Rob Wipond, a writer who researches psychiatric detentions, is concerned about people who are improperly held under 5150s. He said in some places, officers overuse psychiatric detention not just to avert potentially dangerous situations but to manage schoolchildren and the elderly or to quell family conflicts.

But in the case of Yanez, said Wipond, a psychiatric hold would have been appropriate. “It is unclear … if these police officers actually know the current law in California,” he said.

‘That entire day just doesn’t make sense, and we need to figure out what happened.’

Susan Israel, Yanez’s public defender

Placing someone under any kind of involuntary commitment is a serious restriction on freedom and should always be approached with care and recognition of civil rights, says attorney Jerry Threet, who established Sonoma County’s Independent Office of Law Enforcement Review and Outreach and served as director until 2019. But he is skeptical that Yanez would not have qualified for a 72-hour hold under Sonoma County’s standards. 

“I have reviewed a fair number of incidents involving a 5150 evaluation, and the deputies used a higher standard to evaluate Yanez than many other officers,” said Threet.

There has been movement away from 5150 holds in local jurisdictions, a sign of  more social sensitivity to how law enforcement engages with those suffering from mental illness.

In San Francisco, there were 2,851 psychiatric detentions at the city’s main public hospital from July 2020 through June 2021. In 2023-24, detentions fell by 35%.

In 2019, Santa Rosa police officers authorized 626 holds.
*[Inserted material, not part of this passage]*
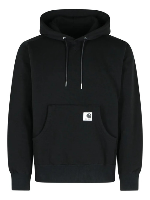 black drawstring hood kangaroo front pocket logo pach ribbed cuffs buttoned side slits

In 2024, that number was 251. 

In 2024, the Sonoma County Sheriff’s Department and contracted police departments authorized 234 psychiatric detentions — the fewest of any year in the past two decades.

A couple poses happily near a river, surrounded by lush greenery and a cloudy sky. One wears a dark jacket, the other a light blue shirt.
Barbara and Michael Molland. | Source: Courtesy of Maria Molland

Late in his life, Michael gave Barbara a book of poems. She had that book in the passenger seat of her car as she returned to the ranch in May, six months after she became a widow. There was work being done on the property in preparation for its sale, and she was there to tell the workers the location of a pipe that only she knew. 
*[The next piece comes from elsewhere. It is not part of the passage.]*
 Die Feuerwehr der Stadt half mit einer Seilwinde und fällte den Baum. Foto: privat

She didn’t want to be there, she said. The buildings were empty, and all the cars belonged to strangers. It was a physical representation of the void of Michael.

“Our whole existence together was like a dream,” Barbara said of their 60-year relationship. They’d met in Chippewa Falls, Wisconsin — he the principal’s son and a football player; she the homecoming queen — before moving to California, where they lived in an artist commune in the Sierras as Michael earned conscientious objector status during the Vietnam War. They got married in Montana, and returned to California to raise a family. Michael worked various jobs for little pay before enrolling in law school at night and becoming a partner at one of San Francisco’s top firms.
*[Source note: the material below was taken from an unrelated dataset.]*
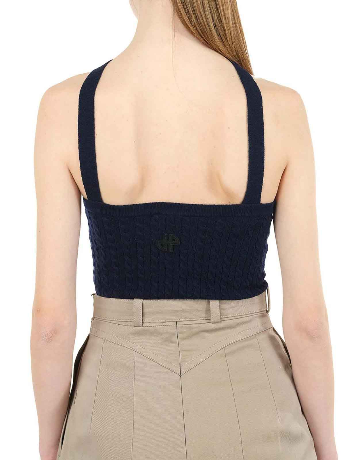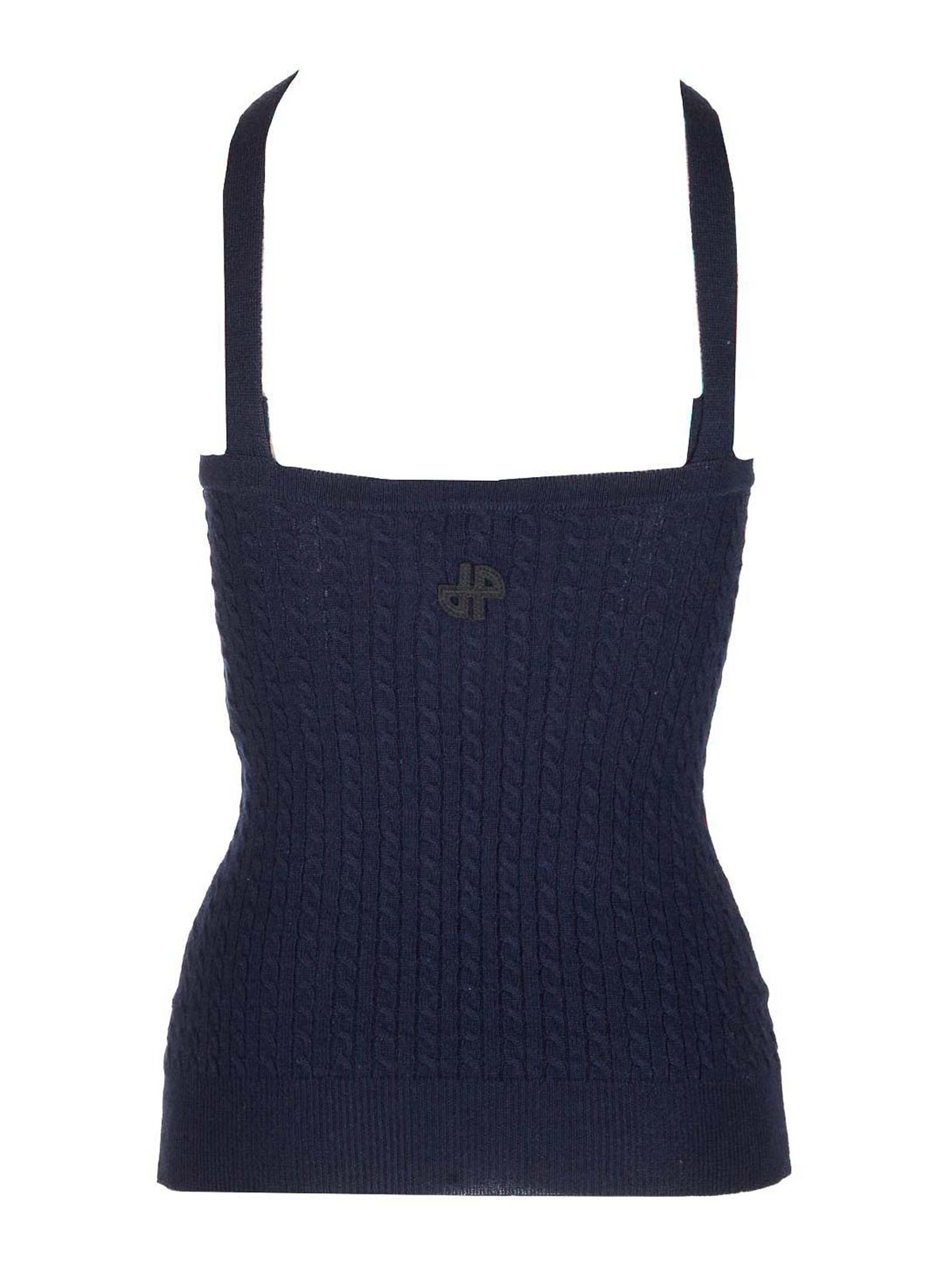 Blue wool sleeveless fitted top by patou with spaghetti straps.

He was a man of few words when you first met him, taking time to assess the character of everyone he met. He was talented at resolving conflicts with empathy and conversation, at work and in the home.

“He was a truly good person in a difficult world,” Barbara said.

The move to the ranch when their youngest kid was off to college was an homage to their deep love of nature. Their children felt it was Michael’s version of religion. As Barbara bred horses, he built up the property with his hands, often walking around early in the morning with dirt in his fingernails. He thought it an “amazing thing to be on this planet,” said their daughter Maria.

Michael often wrote about the natural world, including a poem about the magnificent scenery on all of his cross-country road trips with Barbara.

“If one sees this, what need of other gods?” Michael wrote in a poem to Barbara in 2020. “For you have your protector, and faith in what befalls you: good or bad. You know your life does not end with you but runs on and on through these shifting gravels.”

In the last couple of years of his life, Michael had grown uncharacteristically nervous, Barbara noticed, as if he knew his time was almost up.

“All good things come to an end,” she said. “But I never could’ve imagined this.”